● **Collected data**
======
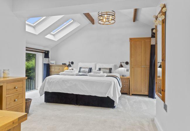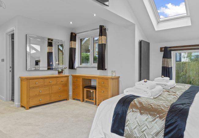 Upstairs, there are three beautifully appointed bedrooms. The spacious master bedroom boasts a super king bed and a superb balcony overlooking Dale View and Harris Park. It’s the perfect spot to watch the sunset, with a table, chairs, and an infrared heater for chillier evenings. The en-suite bathroom features a shower, toilet, sink, heated towel rail, and underfloor heating.
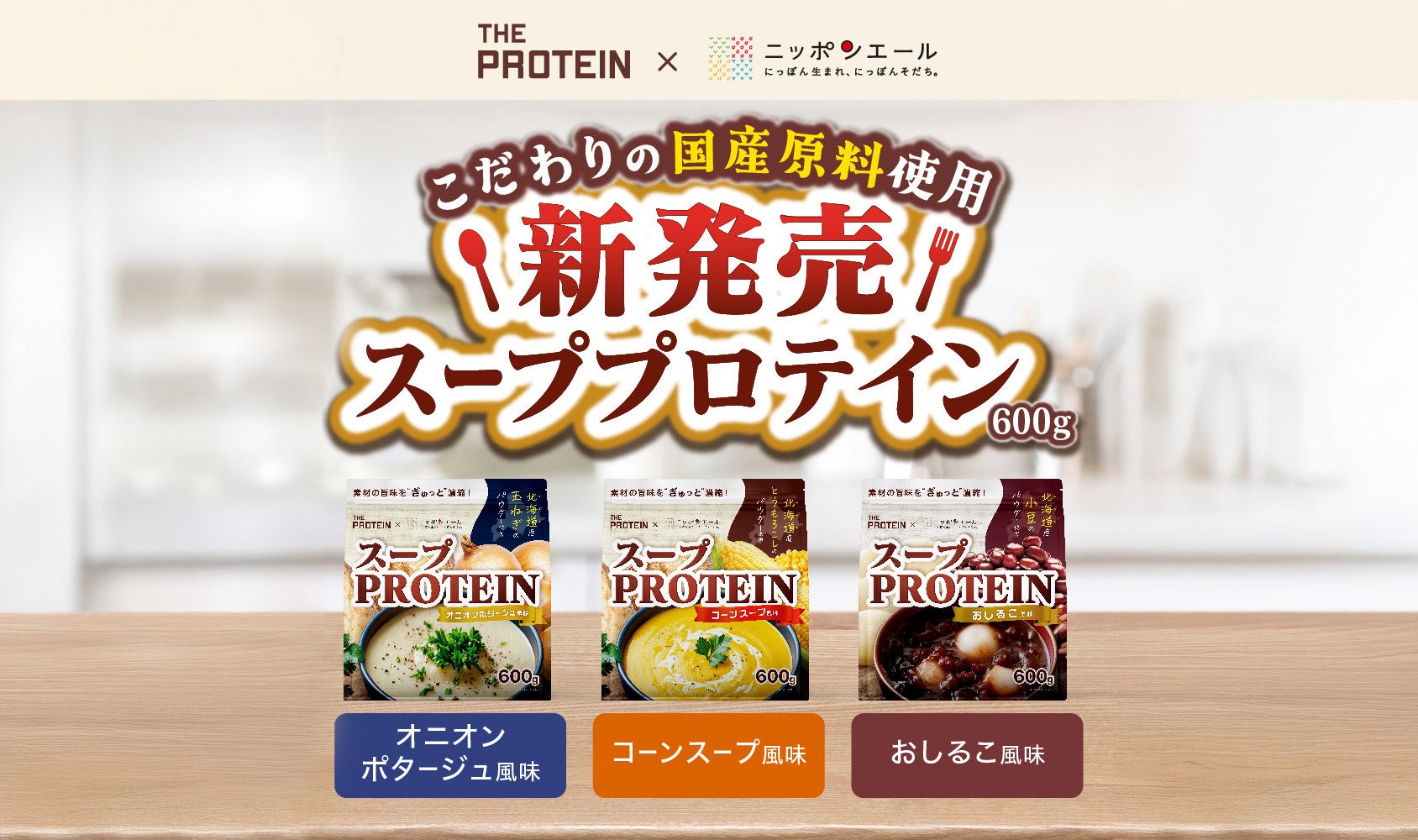 「THE PROTEIN×ニッポンエール 〈おしるこ風味〉〈オニオンポタージュ風味〉〈コーンスープ風味〉」を共同開発いたしました!
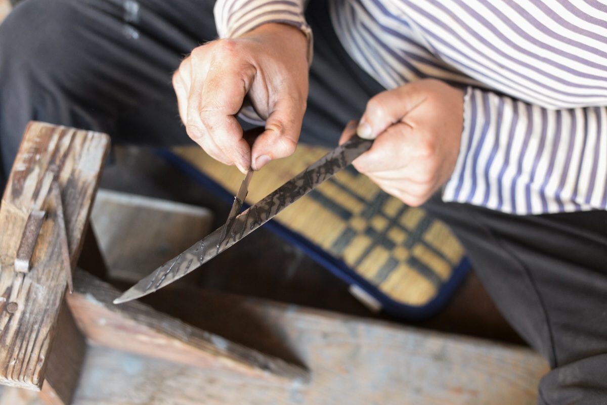 Nože z překládané oceli a tradiční oceli Oroshigane
======
● **What you are asked to do**
Everything above except the pictures must be restated exactly.

● **Written answer**
 Upstairs, there are three beautifully appointed bedrooms. The spacious master bedroom boasts a super king bed and a superb balcony overlooking Dale View and Harris Park. It’s the perfect spot to watch the sunset, with a table, chairs, and an infrared heater for chillier evenings. The en-suite bathroom features a shower, toilet, sink, heated towel rail, and underfloor heating.
 「THE PROTEIN×ニッポンエール 〈おしるこ風味〉〈オニオンポタージュ風味〉〈コーンスープ風味〉」を共同開発いたしました!
 Nože z překládané oceli a tradiční oceli Oroshigane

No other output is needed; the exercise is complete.